There are many CAC systems vendors offering their services to practices as the ICD-10 deadline looms. But data regarding CAC’s ICD-10 conversion effectiveness is scant. To aid in understanding the usefulness of CAC technology in ICD-10 implementation, the AHIMA Foundation and Cleveland Clinic jointly conducted a research project to examine the impact of CAC technology on data quality, timeliness of processing and the role and impact of coders on the process. Underwritten by CAC vendor 3M Corporation, this pilot program sought to answer two basic questions:

  • Is there a measurable difference between traditional coding and the use of CAC in terms of coding timeliness and accuracy?
  • Will the use of credentialed coders in conjunction with the use of CAC result in improved timeliness and accuracy?

The Findings

1. CAC, with Coder Support, Reduced Coding Time

There was a 22 percent reduction in time per record for CAC supported coding vs. manual coding. The 25 records used were significantly complex, with an average patient stay length of 16 days.

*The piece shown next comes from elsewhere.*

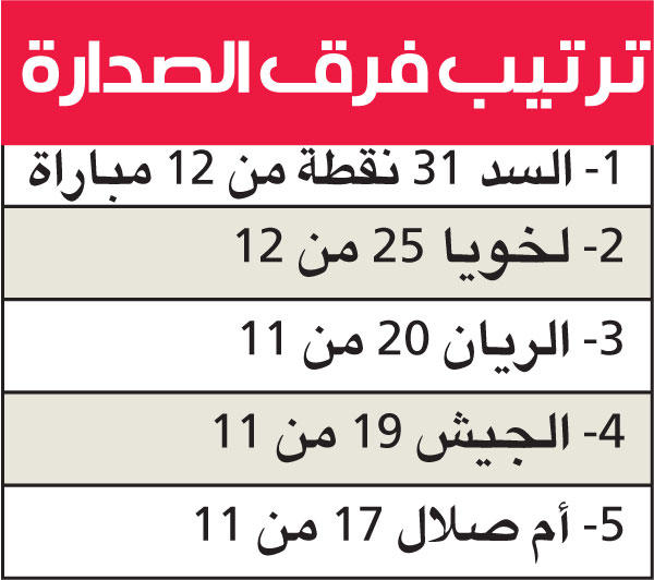ورفع العربي رصيده الى 11 نقطة بفوزه الثاني، لكنه ظل في المركز الحادي عشر قبل الأخير، بينما ظل السد في الصدارة برصيد 31 نقطة.وقدم العربي أفضل مبارياته على الإطلاق هذا الموسم واستحق الفوز بجدارة. وخلافاً لذلك، قدم السد أسوأ مبارياته ولم تفلح التغييرات التي أجراها مدربه المغربي حسين عموتا للافلات من الخسارة الأولى. وانتزع لخويا حامل اللقب أصعب فوز له هذا الموسم، وأفلت من مفاجأة كبيرة أمام السيلية صاحب المركز الأخير وهزمه 2-1 في الوقت بدل الضائع.وسجل للخويا سباستيان سوريا (75) منفرداً بصدارة الهدافين مع 9 أهداف، والسنغالي ايسار ديا (90+3) والبوركيني موموني داغانو هدف السيلية (83 من ركلة جزاء) رافعا رصيده إلى 8 أهداف في المركز الثاني لترتيب الهدافين.ورفع لخويا رصيده إلى 25 نقطة وثبت اقدامه في المركز الثاني وقلص الفارق بينه وبين السد الى 6 نقاط.وتعادل الخريطيات والخور بدون أهداف ورفع كل منهما رصيده إلى 11 نقطة وبقيا في المركزين التاسع والعاشر.(أ ف ب)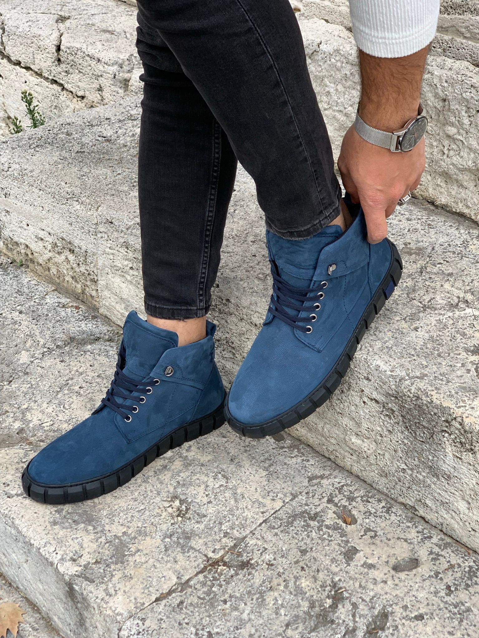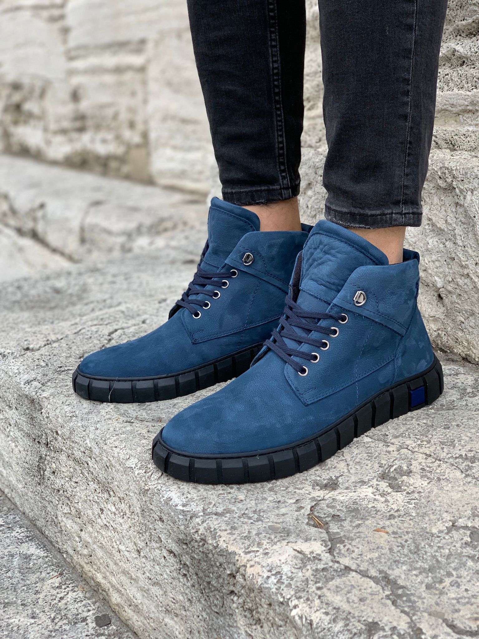 Bağcıklı Hakiki Deri Bot-Mavi (XPRZY086-82)

2. CAC, with coder Support, Did Not Reduce Accuracy

Time to code was decreased without lessening quality, as measured by recall and precision for both procedures and diagnoses.

3. CAC Tuning Improves Precision Over Time

Sophisticated CAC systems utilize “tuning” through natural language processing (NLP) to “learn” over time. Six months after the study was implemented, the CAC’s unaided recall rate “improved for coding both diagnoses and procedures.”

The Cleveland study used a NLP CAC system from 3M that’s marketed to hospitals. The envisioned use of coders in such systems is ultimately as editors who oversee the EHR conversion process, rather than perform it. The cost of NLP-based systems is higher than cross-walk option systems, in which ICD-9 codes map to ICD-10 data through a conversion process implemented in an office’s current claims billing system. The crosswalk systems are a short term solution at best: all systems must be ICD-10 compliant by 2015. ICD-10 crosswalk-provided data often fails to provide needed information to medical management pricing and contract applications, are labor intensive and prone to error.

ICD-9 to ICD-10 Transition Outcomes

ICD-10 transition workflow and best practices planning should focus on achieving basic, well-defined outcomes:

  • Clinical equivalency: Use of either the ICD-9 code or its equivalent ICD-10 code defines the same attributes of patient care, medical necessity and treatment outcomes.
  • Benefit neutrality: Use of either the ICD-9 code or its equivalent ICD-10 code produces the same member coverage, without increasing member premium or out-of-pocket expense.
  • Financial integrity: Either set of codes results in the payment of appropriate benefits by the insurer and the appropriate financial contribution by the recipient.
  • Operational stability: Accuracy metrics such as auto-adjudication frequency and claims payments are at equivalent acceptable levels under either the old or new codes.